[Data segment]:
##########
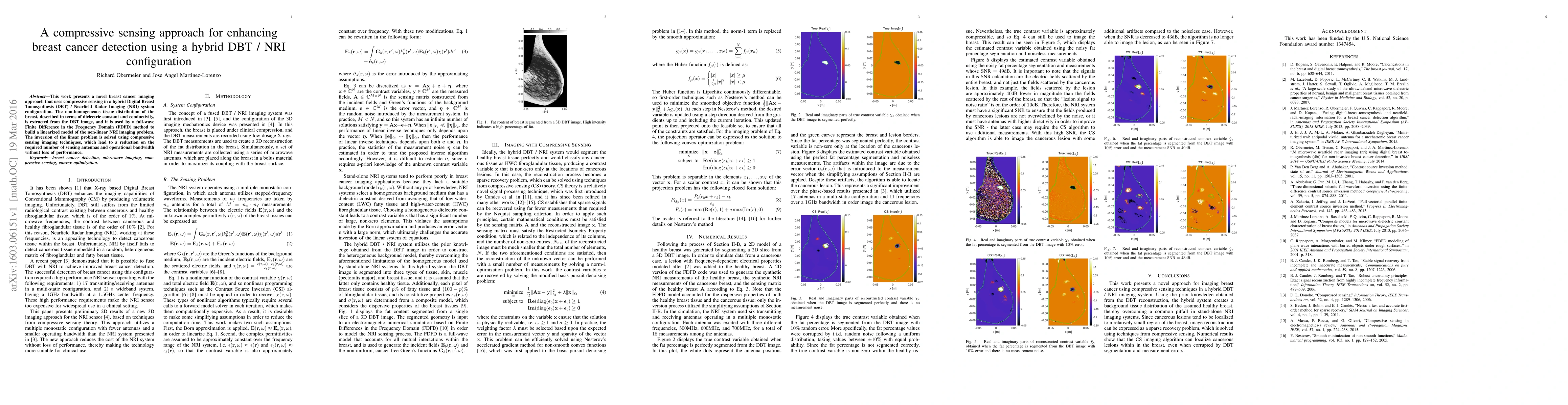 This work presents a novel breast cancer imaging approach that uses compressive sensing in a hybrid Digital Breast Tomosynthesis (DBT) / Nearfield Radar Imaging (NRI) system configuration. The non-homogeneous tissue distribution of the breast, described in terms of dielectric constant and conductivity, is extracted from the DBT image, and it is used by a full-wave Finite Difference in the Frequency Domain (FDFD) method to build a linearized model of the non-linear NRI imaging problem. The inversion of the linear problem is solved using compressive sensing imaging techniques, which lead to a reduction on the required number of sensing antennas and operational bandwidth without loss of performance.
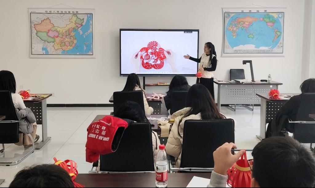 活动伊始,贾丽媛老师以中华传统节日为切入点,从春节习俗引到灯笼的历史渊源、文化寓意,细致阐释灯笼在传统节庆中的象征意义与非遗工艺价值,结合直观的视频展示,带领学子们领略灯笼承载的千年文化底蕴。
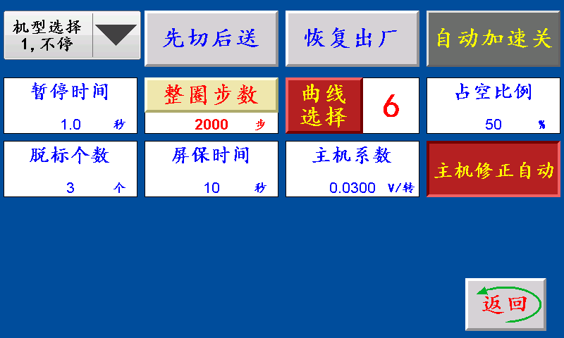 四、主菜单 不停/暂停/停机:“不停”:一批结束主机不停,继续正常工作。 “暂停”:一批结束主机暂停,停到暂停时间结束,主机自动开机。 “停机”:一批结束主机自动停机后不再运行,手动按启动键方可运行。 “空切”:一批结束主机继续空切,脱袋滞后时间结束后继续送料。 曲线选择:1~9,步进电机默认1,伺服电机默认6 先切后送/先送后切:“先切后送”:按启动键,主机先运行,GK1霍尔开关检测到伺服(步进)电机的送料信号,伺服(步进)电机开始送料。 “先送后切”:按启动键,伺服(步进)先送料,送料结束后主机再运行。 恢复出厂:按此键恢复出厂设置(慎用)。 暂停时间:当机型选择暂停,一批结束后主机自动停机所设定的时间。 占空比例:“自动送料”时,主机运行一个周期送料所占的时间比例。 脱标个数:设定N个,制作彩色制品时,跟踪N次色标点,跟踪不住自动停机。 自动加速关/自动加速开:自动加速关:自己调节送料速度 自动加速开:根据设定的袋长等自动调节送料速度 整圈步数:伺服(步进)电机转一圈所需要的脉冲个数。 屏保时间:主机运行状态下,在主界面停留此时间进入屏保状态。(设置0则屏保无效) 主机修正手动/主机修正自动: 主机修正手动:手动调节主机系数来改变主机速度 主机修正自动:自动修正好主机速度对应的主机系数大小。
##########
[Work instruction]: Repeat the line containing "活动伊始,贾丽媛老师以中华传" and every line after it up to the end of the material above, exactly as they stand, minus the pictures.

[Response to this exercise]:
 活动伊始,贾丽媛老师以中华传统节日为切入点,从春节习俗引到灯笼的历史渊源、文化寓意,细致阐释灯笼在传统节庆中的象征意义与非遗工艺价值,结合直观的视频展示,带领学子们领略灯笼承载的千年文化底蕴。
 四、主菜单 不停/暂停/停机:“不停”:一批结束主机不停,继续正常工作。 “暂停”:一批结束主机暂停,停到暂停时间结束,主机自动开机。 “停机”:一批结束主机自动停机后不再运行,手动按启动键方可运行。 “空切”:一批结束主机继续空切,脱袋滞后时间结束后继续送料。 曲线选择:1~9,步进电机默认1,伺服电机默认6 先切后送/先送后切:“先切后送”:按启动键,主机先运行,GK1霍尔开关检测到伺服(步进)电机的送料信号,伺服(步进)电机开始送料。 “先送后切”:按启动键,伺服(步进)先送料,送料结束后主机再运行。 恢复出厂:按此键恢复出厂设置(慎用)。 暂停时间:当机型选择暂停,一批结束后主机自动停机所设定的时间。 占空比例:“自动送料”时,主机运行一个周期送料所占的时间比例。 脱标个数:设定N个,制作彩色制品时,跟踪N次色标点,跟踪不住自动停机。 自动加速关/自动加速开:自动加速关:自己调节送料速度 自动加速开:根据设定的袋长等自动调节送料速度 整圈步数:伺服(步进)电机转一圈所需要的脉冲个数。 屏保时间:主机运行状态下,在主界面停留此时间进入屏保状态。(设置0则屏保无效) 主机修正手动/主机修正自动: 主机修正手动:手动调节主机系数来改变主机速度 主机修正自动:自动修正好主机速度对应的主机系数大小。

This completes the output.